Wait, are my eyes closed?... Yes they are. Ok then open them. Ok.

I open my eyes to see a bright room, there is a door confront of my bed. I look to either side of me, machines. I'm in a hospital? It didn't work, I'm alive.

Shit.

It didn't work, I have to go back.

It's going to be ten times worse after this. They are going to be pissed about the sheets.

My breathing started to get heavier and the monitor beside me beeped faster... I am having a panic attack.

I closed my eyes, focused on my breathing.

Breathe.

Breathe.

I could hear the door open. No I can't see them. I can't.

"Please just leave me alone," I cry.

"Haze, you're awake," a man with a thick English accent said. I'm dreaming, this isn't real.

"No, no. This isn't real. You're not here," I tell the hallucination, not daring to open my eyes, knowing when I did they wouldn't be there.

"Haze, Haze. We are right here," a different voice said, yet it was still very English. The bed shifted on either side of me and I felt two hands on each arm.

I slowly open my eyes, they were there. They were really there. "I can't go back," I sobbed.

"No, you don't have to. We read your letter and gave it to the police they are on there way to arrest them at this very moment," Peré said in a comforting tone.

"Really?"

"Yeah, how are you doin?" my dad asks.

"Well my arms and thighs hurt like hell but other then that I am doing peachy," I laugh.
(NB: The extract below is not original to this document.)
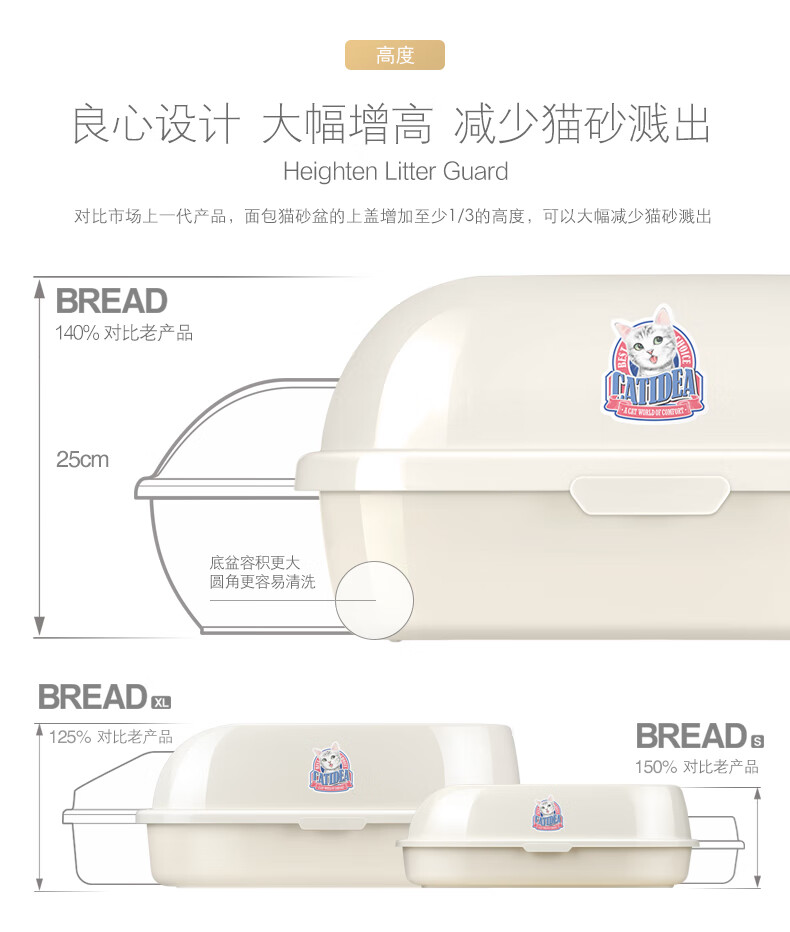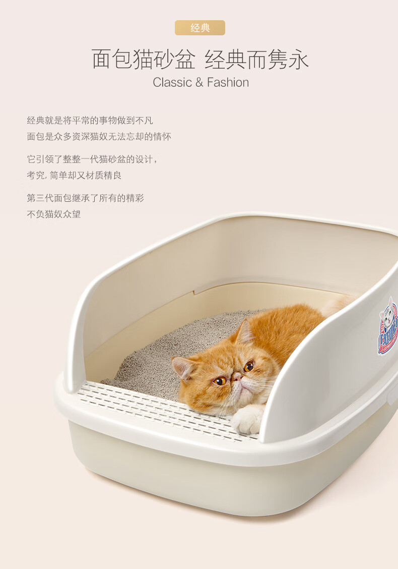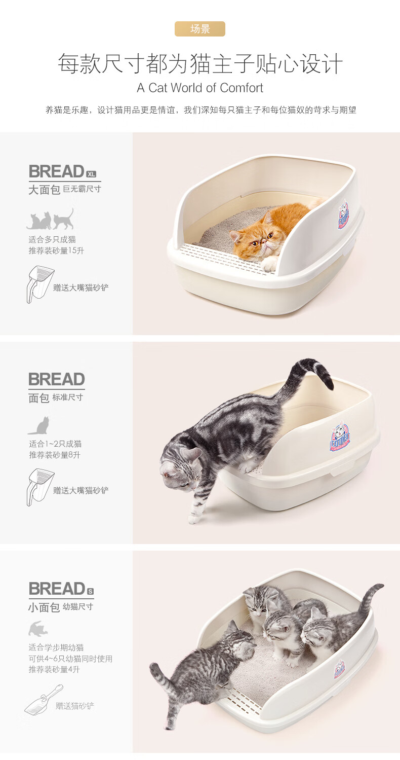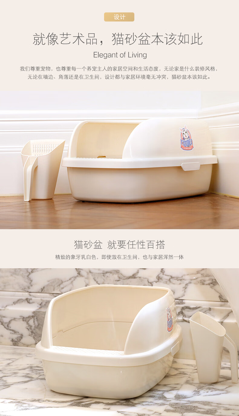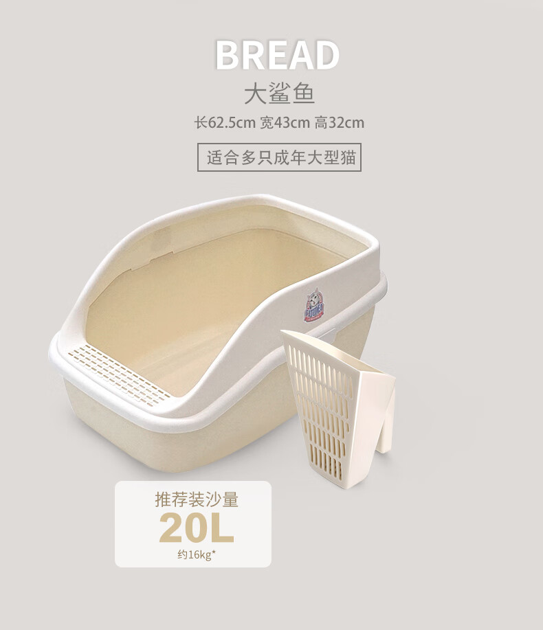 Catlux semi-closed litter box, splash-proof, odor-proof, easy to clean, large-capacity cat toilet, universal open litter box for adult and young cats, white large loaf 15L + shovel
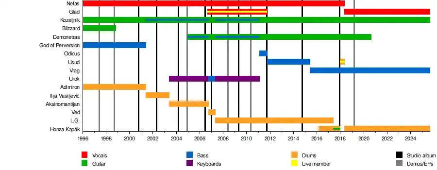 - Nefas – vocals (1996–2006, 2011–2018), vocals (only studio) (2006–2011)

"We should have come earlier," Peré says looking down.

"No, I told you in the letter it is not your fault," I fight.

"Yes it is, if we would have come earlier you would not be in this bed," Dad fights back.

"If I would have chose to stay with you I would not be here. If I chose not to leave the house that day to call Rose, I would not be here. If I didn't stay with you guys over fall break my mom might still be alive and I would not be here. There are a million different 'what ifs' but we can't dwell on them, now we just focus on my recovery, yeah?"

"Yeah," they both say.

"So we were thinking after you are clear to fly we are going to move to London full time, if that's ok with you?" Louis asks.

"I mean it would suck having to leave Rose again but I loved London the last time we were there and it might be nice to get away from all the bad memories. So yeah, if that's what you guys want, sounds good to me," I answer.

"We are moving to London!" Harry cheers.

"You basically already live there," I point out.

"Fine, Haze is moving to London," he re-cheers.

" I'm moving to London, " I cheer back.